Wednesday, August 6, 2014

Making your mark

                                                                           Carol Dekle-Foss

Have you considered a maker's mark for your jewelry creations or handmade beads? It's great for brand name recognition and also adds perceived value. There are all kinds of custom maker's mark stamps including ones for metal, clay, and Precious Metal clay. 

In doing a little research for this post I discovered a long history on hallmark stamps and their meanings. Lang Antiques has tons of information and examples if you are interested in knowing more. Here is the rabbit hole. Hallmark stamps have been in use in England and France since the 14th century. One of their purposes was to to protect the consumer when purchasing precious metals. The purity stamp or "fineness" mark signifies the content and quality of the metal, such as the .925 mark or 14k. The maker's mark was a designation of responsibility for the designer. Every country has their own way of handling hallmarks. The USA doesn't necessarily hallmark, but precious metal jewelry has to indicate fineness as of 1906. In 1961 the responsibility or maker's mark became mandatory if a purity mark is used. 

So here in the USA, if you put purity stamp like a .925 mark on your jewelry, by law you have to have a maker's mark as well. Good to know! 

I recently designed and purchased a maker's mark. Looking back to when I created my business name, I would have made it shorter! I tried acronyms for the stamp, like TRD, but that was lame. Who wants a piece of jewelry from turd? Lol. So for recognition I just used the whole name. It's a bit large, but oh well. 

I went through Infinity Stamps. Their customer service is great, the stamp came a week early, and the detail is amazing.

Here are just a few ways to use a maker's mark.

The ring was my very first piece to stamp. It's going to be hard for me to part with and may very well end up in my jewelry box. I forgot to add the .925. Oops.

 I love how the round tag added a bit of jangle to the bracelet!

 I'm still learning the placement and how hard to hit the metal. The .925 ended up being to close and crooked.

So tell me, have you considered investing in your very own maker's mark? I hope this post has inspired you to do so!


TesoriTrovati said...

First off, your jewelry is GORGEOUS! I love where you are taking your talents! So. Very. Impressed. I love the idea of a maker's mark. In fact it was the first thing I did back in 2005 before I even had a clue as to who I was or what I would do! I wrote a post about signing your jewelry with a tag back in 2012 for the Art Bead Scene that has been one of our most referenced posts. At the time I wanted to use the Infinity stamps but they only had a limited option for the tags. I went with something different but I am glad I did because I like using little copper tags for my key stamp. Of course, now skeleton keys are all the rage and I could pick up a generic key tag for less than $20 but I still like my little key that is a replica of my logo! Great article as always! Enjoy the day. Erin

Carol Dekle said...

Thank you Erin, after many jewelry pieces made with a what the heck was I thinking response, I finally feel like I am coming into my own style.

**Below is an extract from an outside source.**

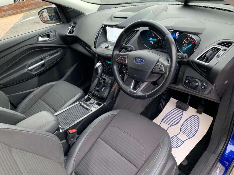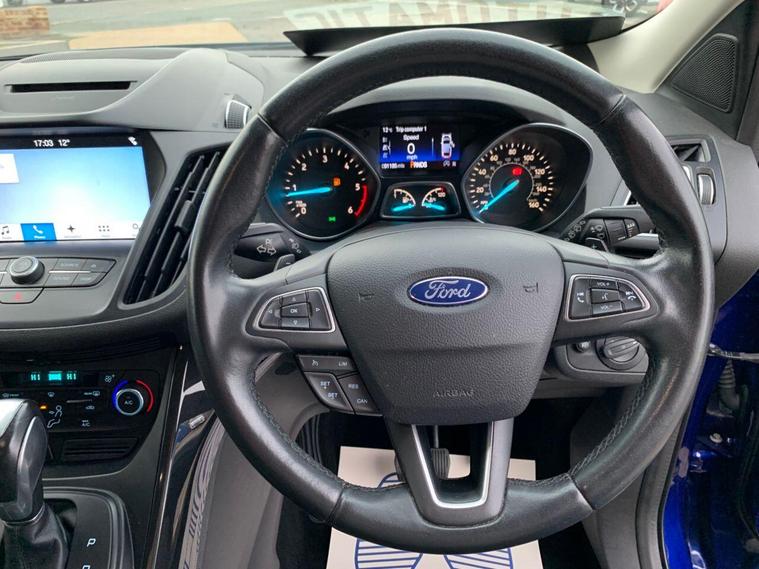 This 2017 Ford Kuga TDCi Titanium boasts an impressive MOT valid until July 2026, offering peace of mind for the road ahead. This Four Wheel Drive model is powered by a 2.0L Diesel engine, meeting Euro 6 emission standards. With its last service completed on 2025-07-16 at 88, 266 miles, this Kuga comes with a 3 month warranty for added assurance. The Titanium trim level includes a range of desirable features such as rear parking sensors with parking assistance, dual zone electronic automatic temperature control for personalised comfort, and a Ford DAB Navigation System with Ford SYNC3, which includes Bluetooth connectivity. You'll also appreciate the convenience of keyless entry and automatic halogen headlights with LED daytime running lights.The Ford Kuga TDCi Titanium stands out with its excellent fuel economy, achieving a highlight of 54 mpg, which is better than many similar vehicles. Its low CO2 emissions further contribute to its appeal, making it a more economical choice. This combination of efficient performance, advanced technology, and practical features makes this 2017 Ford Kuga a compelling option for those seeking a capable and well equipped SUV..

Darn it! I didn't include 'tag' in my search or I would have found and included your links. Your posts are very thorough and provide great information. Your stamp is too cute, and I love how you send a little handwritten card with all the components and info. Very clever. Thank you for including the link! I remember now reading your posts and saving them somewhere for future reference!

I sent Microstamp my design and they never responded back. I had waited for 2 weeks. I then left a message, and again no response. Very strange.

Thank you Miss Erin!

Artisan Beads Plus said...

I have thought about it for a very long time, but never went about doing it. How would you do this for earrings? Those are my biggest sellers.

Carol Dekle said...

Hi MaryAnn!

Earrings are my biggest seller too. You can stamp if you use a piece of copper, but most will just have to be left as is. Some of your ceramic pendants would be nice with your logo!